If the data is hosted on a machine that someone else has administrator access to, you cannot ultimately protect your data and still have access to it. Any encryption you use will rely on a secret, but you will have to store the secret on the box, at which point the owners of the box will have access to it.

The only way this could work is if your users encrypted their data locally before uploading, and then your server served up this same encrypted data back to them. But at that point, you would have no ability to do anything with that data at the server end.

You need to look at the server provider's policy on what they do with data you store on their servers and ask:

  1. Do they guarantee not to look at the data?
  2. Do you trust them to follow this policy?
  3. Do you trust them to be competent at keeping their servers secure from intrusion?
  4. Will they have to give up their data to someone else, despite their policy, because of legal reasons? For example, various governments can make companies disclose data.

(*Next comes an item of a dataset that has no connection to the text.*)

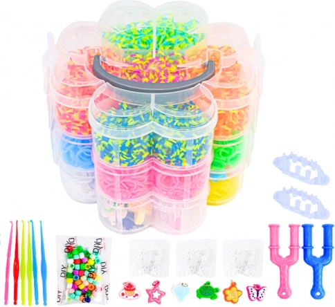 Il set creativo di elastici per la creazione di braccialetti e altri oggetti unici permette a ogni bambino di diventare designer e visionario della moda. Gli elastici multicolore offrono la possibilità di creare braccialetti semplici di un solo colore o progetti complessi multicolore. Le perline aggiungono a ogni progetto un fascino unico, permettendo di creare modelli elaborati ed eleganti.

You can then weigh up the risks and decide whether:

  1. You are happy with the risks and still want to store sensitive data with them.
  2. Whether your users will be happy with the risks - you will need to clearly communicate your own privacy policy and risks to them so they can make an informed choice.

Also, think about whether you need to store all that information. Why do you need phone numbers? If it is for, say, processing payments, you can hand all of that off to a trusted third party, for example Visa or Paypal. Then they can deal with storing your users' data securely, and you don't have to deal with the risk.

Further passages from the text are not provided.